Лешка хватает Аринку за плечи и прижимает к себе. На всякий случай. Невдалеке снова чертыхаются, по-мальчишески, сдобрив сверху дурацкой матерной присказкой.
– Макс? – хрипит Лешка. Шаги слышно все отчетливее. – Горшок, ты?
– Да кто еще, канеш, я. С Баэлем.
Вот как брата Данона звать. Лешка даже застыдился. Вроде целый месяц тусуются, а он все забывает. Да и имена у братьев непривычные, но схожие – Баэль и Даниэль. Вот Даниэль и стал Даноном, чтобы не шибко путаться.
– Данон с вами? – тонко, с акцентом, спрашивает Баэль.
Он поравнялся с ними. Озабоченно оглядывается. Следом появляется из темноты Горшок. Лешка слышит его свистящее от курева дыхание и горький запах сигарет.
Аринка качает головой:
– Мы его у медпункта видели. Прям перед тем, как баба Шура на обход собралась.
– У-у, кикимора, – стонет Горшок. – Ну и черт с ней.
– Лысый, – хихикает Баэль, но получается скорее «лисий». – Он за вами идет? Или как?
Лешка пожимает плечами. Аринка бурчит, что, наверное, идет, а куда же он денется, а Горшок оттесняет ее и наконец подходит к Лешке. Закидывает руку на плечо и шепчет так, чтобы никто больше не услышал: «Почти пришли».
Рука Горшка тяжелая и теплая. Лешка кивает. Поднимает взгляд от намокших, выпачканных кед и смотрит в его блестящие черные глаза.
– Тогда веди нас.
«Нехороший дом», «чертова хата»… Лешка вспоминает узловатый тонкий палец бабы Шуры и ее жесткий рот, шамкающий им в спины:
– Гуляйте, коль гуляется, только в чертову хату чтоб не ходили!
Баба Шура сплевывает на дорогу и крестится:
– Чур меня! Чур!
Лешка так предвкушал тогда, в мае, как это будет, глядеть на чертову хату. И теперь, когда они видят подсвеченные вновь вышедшей луной, закопченные стены и обугленную крышу, он даже расстраивается. Обычная заброшка. Со стороны глянешь – даже забираться нет резона. Но Лешка-то знает ее секрет. Под ложечкой сосет от предвкушения.

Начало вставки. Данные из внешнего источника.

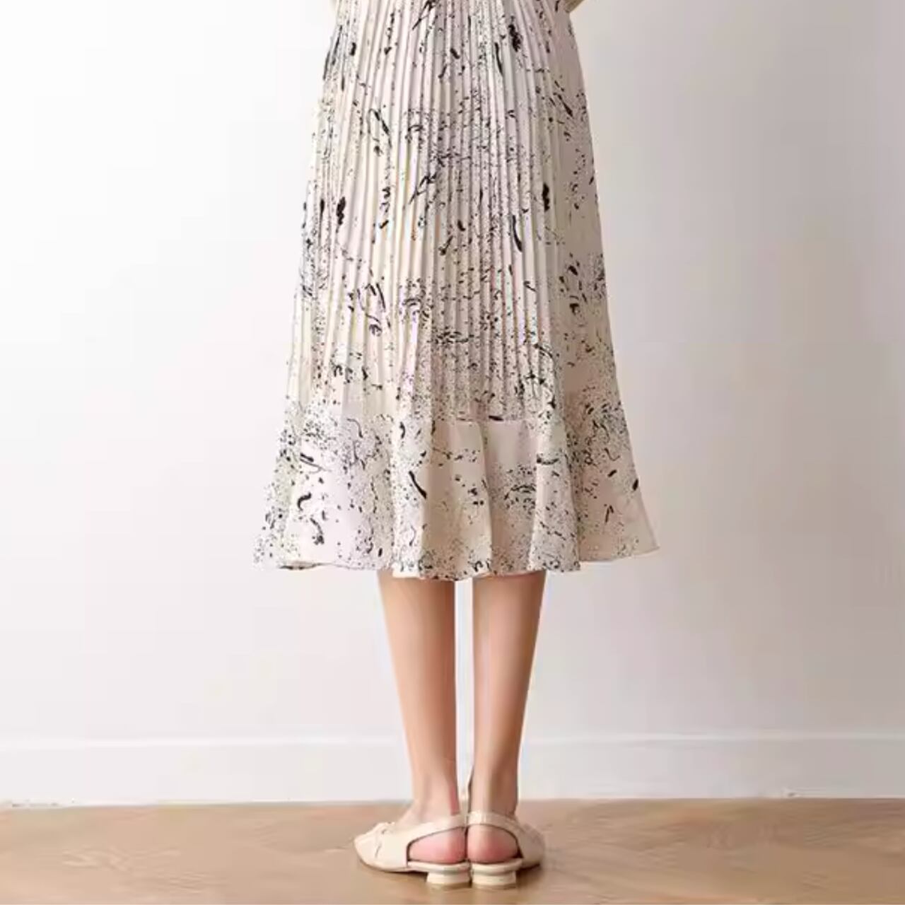 プリーツ加工が施されており、上品で女性らしい印象を与えます。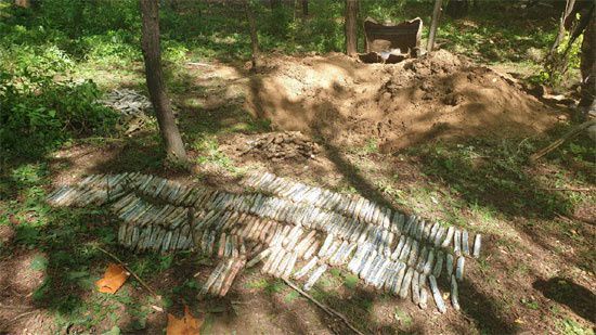 జమ్మూకశ్మీర్లోని అవంతిపొరా జిల్లాలో భారీగా పేలుడు పదార్థాలను భద్రతా బలగాలు స్వాధీనం చేసుకున్నాయి. జిల్లా పోలీసులు, రాష్ట్రీయ రైఫిల్స్, సీఆర్పీఎఫ్ సంయుక్తగా చేపట్టిన గాలింపు చర్యల్లో ఈ పేలుడు పదార్థాలను గురువారం ఉదయం గుర్తించినట్లు ఆర్మీ ఓ ప్రకటనలో తెలిపింది. కరేవా ప్రాంతంలోని ఓ గుంతలో పాతిపెట్టిన ప్లాస్టిక్ వాటర్ ట్యాంక్లో మొత్తం 52 కేజీల పేలుడు పదార్థాలను గుర్తించారు. ఇందులో 125 గ్రాముల చొప్పున ఉన్న 416 ప్యాకెట్ల పేలుడు పదార్థాలు ఉన్నాయి. మరో గుంతలో దొరికిన ప్లాస్టిక్ ట్యాంక్లో 50 డిటోనేటర్లను స్వాధీనం చేసుకున్నట్లు ఆర్మీ తెలిపింది.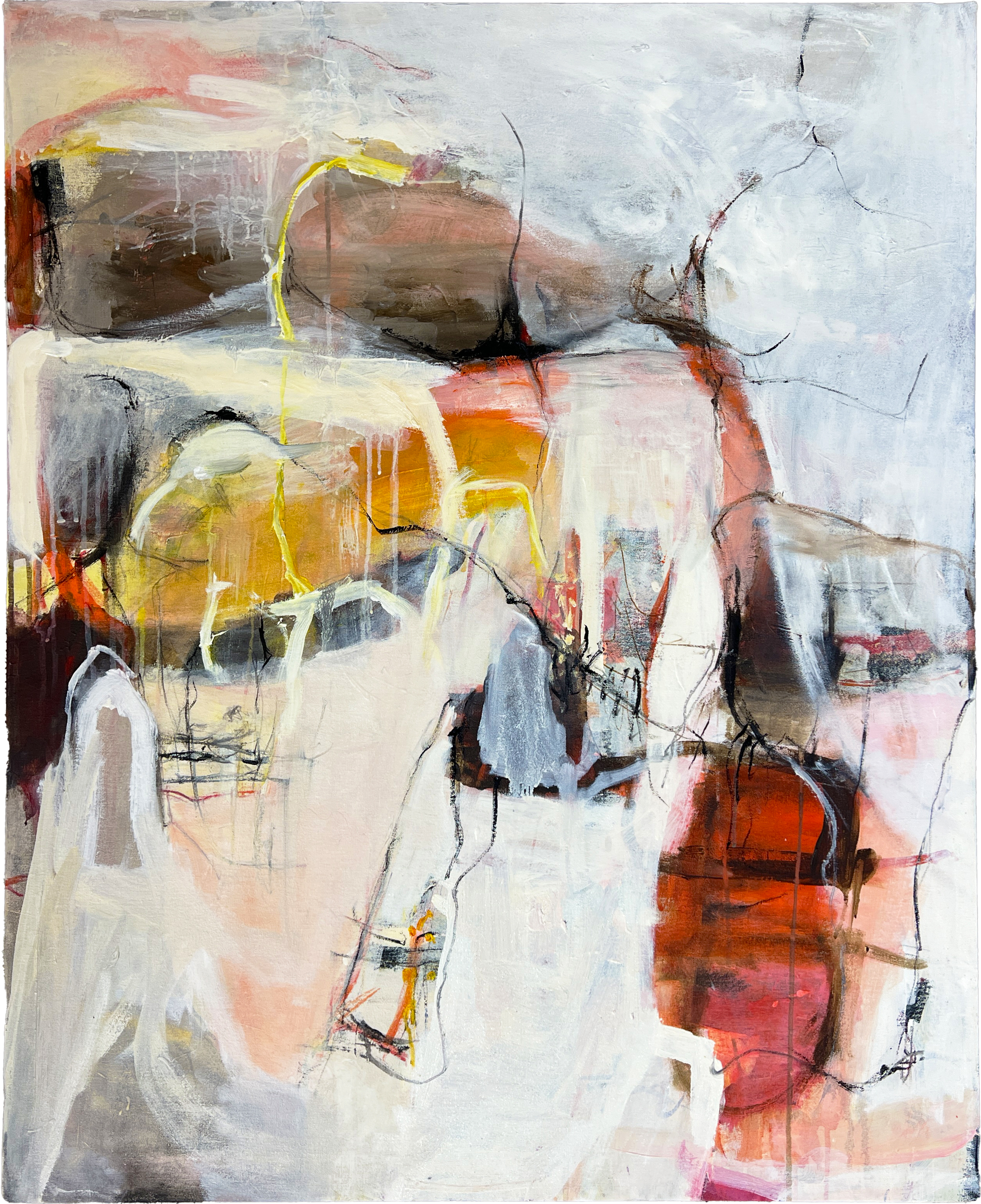 “This body of work could be described as whimsical yet solemn, in an abstract expressionist style”.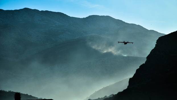 Vatrogascima se u gašenju vatrene buktinje jutros u 6 sati prvo pridružio jedan kanader, a 40-ak minuta kasnije i drugi.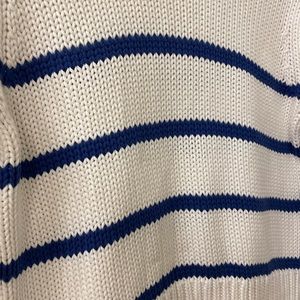 Stylish cowl neck sweater. Features bold blue stripes. Soft and comfortable knit.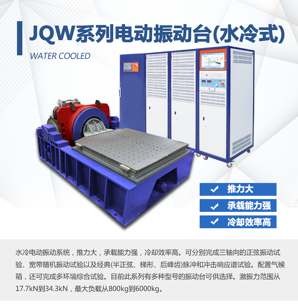 產品型號:JQW-502-450 品牌:劍 喬 用途:水冷臺電動試驗系統,推力大,承載能力強,冷卻效率高。可分別完成三軸向的正弦振動試驗、寬帶隨機振動試驗以及經典(半正弦、梯形、后峰齒)脈沖和沖擊響應譜試驗。咨詢熱線:13829135130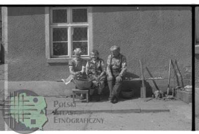 cykl 5 fotografii przedstawia mężczyznę (rybaka) oraz chłopca (Wojciech Kłodnicki) trzymających samołówkę rybacką typu wiersza (kombinacja - połączenie trzech wierszy jednoskrzydłowych typu "kozak") - widok na całość narzędzia oraz na poszczególne części urządzenia
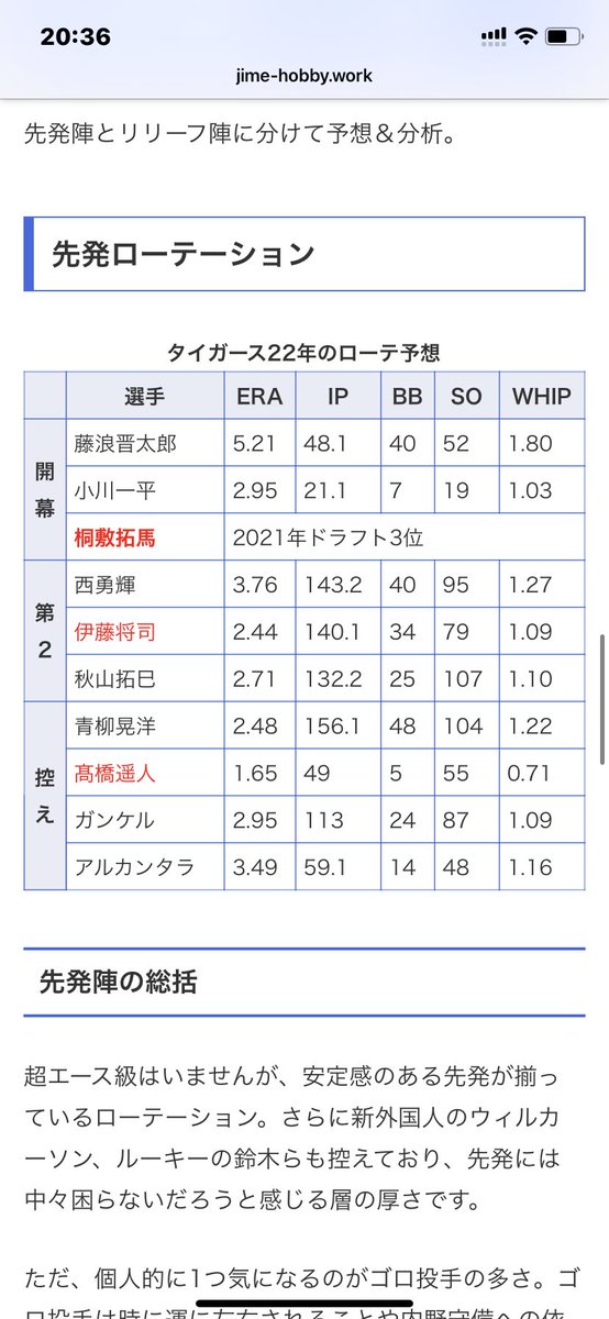 ウィルカーソンもガンケルぐらい安定感あるなら今年も先発陣に困る事はない😊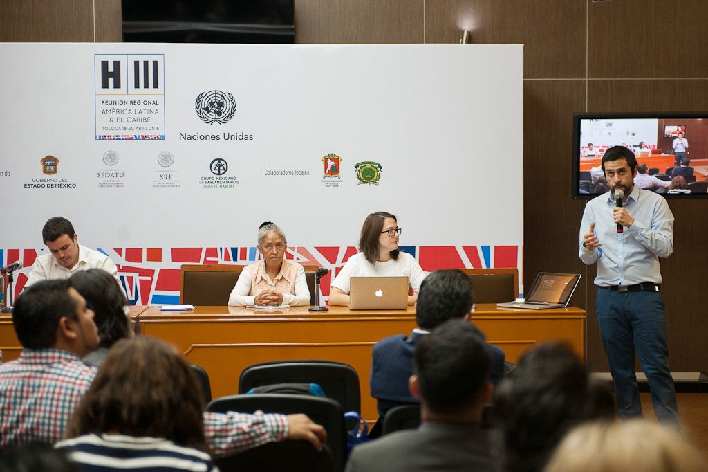 En la mesa abierta “Desafíos en la nueva agenda urbana desde el derecho a la ciudad: asentamientos informales y desigualdad”, Luis Bonilla Ortiz, director operativo de TECHO Internacional; Juan Pablo Duhalde, director del Centro de Investigación Social de TECHO en Latinoamérica, y Teodora Teresa Márquez Islas, delegada de Agostadero, Valle de Chalco, coincidieron en que es indispensable dotar a las ciudades de crecimiento semiurbano de una identidad basada en la participación de sus habitantes y el mejoramiento del entorno.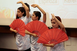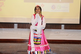 孔子学院不光老师多才多艺,学生也是人才辈出。由Estela等四名学生表演的扇子舞,将中国流行音乐《霍元甲》与中国传统舞蹈结合在一起,引得全场掌声不断。接着是汉语桥获奖学生Camila飞扬的藏族舞表演,美丽的服饰,空旷的音乐,曼妙的舞姿,让人看得如痴如醉。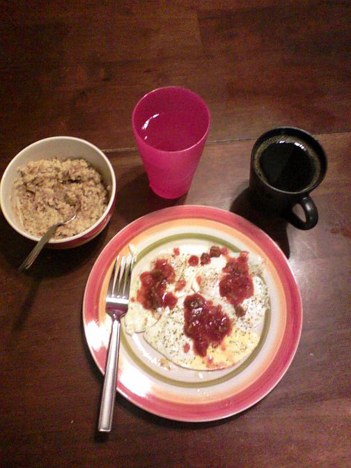 3 eggs cooked in virgin olive oil with 2 tbsp of salsa. 3/4 cup of oatmeal with 1 packet of Truvia (natural sweetner) and cinammon. 1 glass of water, 2 cups of coffee, and a multivitamin.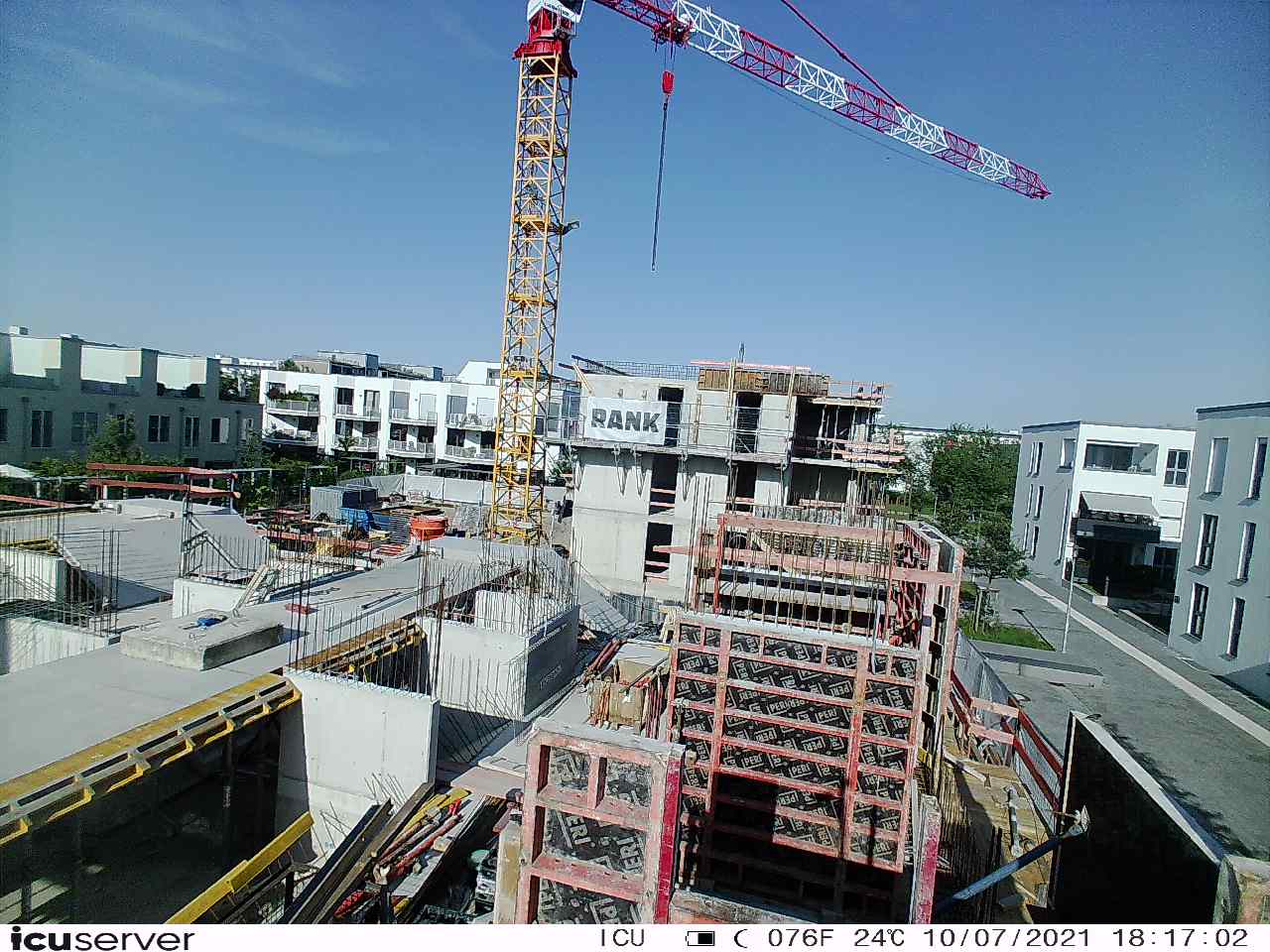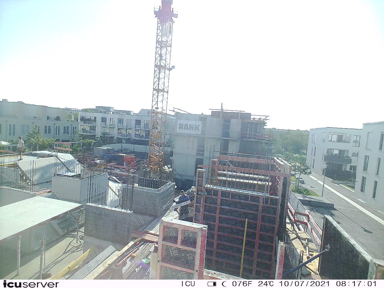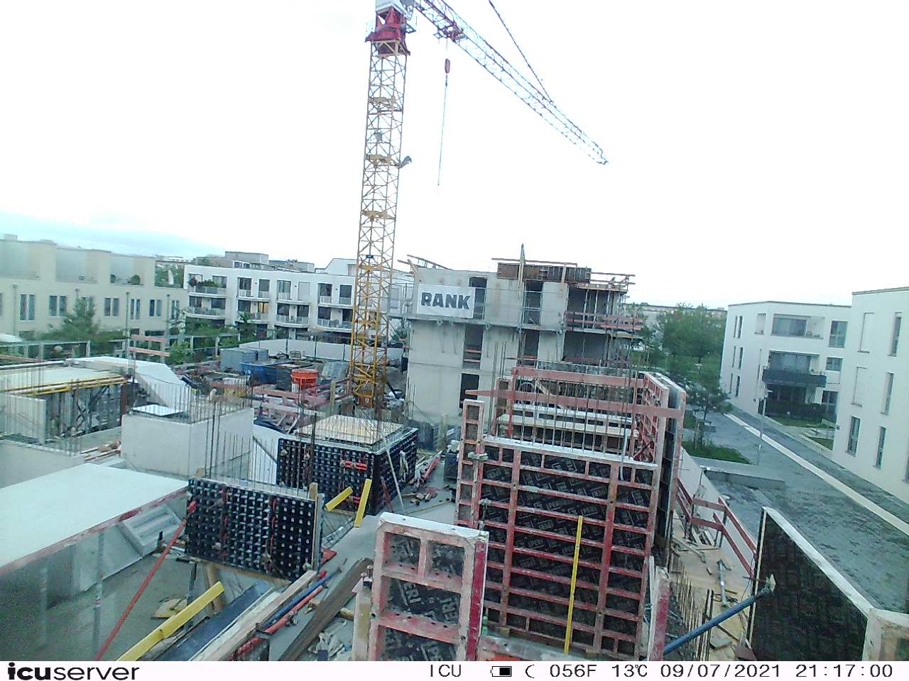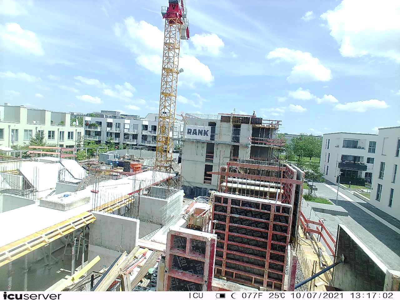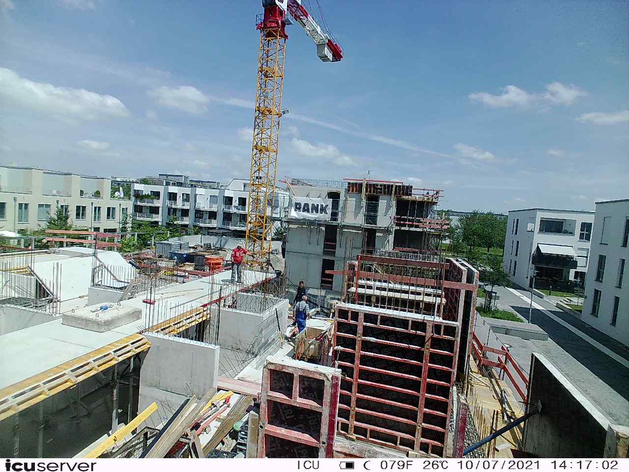 Die Kamera steht am westlichen Ende der Baustelle. Sie blickt nach Osten. Bilder: 26. Februar - 13. August 2021.

Горшок манит рукой остальных, бредущих следом, а Лешка присматривается внимательнее. Как же им залезть? Стены хоть и обожженные, но крепкие. Черные языки давнего пожара тянутся по кирпичной печной трубе. Все четыре окна заколочены, кое-где даже в две доски и верхние крест-накрест. Но высокой крапивы вокруг не наросло, сорняки едва фундамент закрывают. И те жухлые какие-то, будто не начало июня, а самый конец августа.
– Данона подождем? – с надеждой спрашивает Баэль, но Горшок отмахивается.
– Чего тянуть, пацаны, погнали? – Горшок озирается. – А если его кикимора спугнула? Полночи ждать, пока явится? Короче, так, я слева, вы справа, доски прощупать. Если че – у меня гвоздодер.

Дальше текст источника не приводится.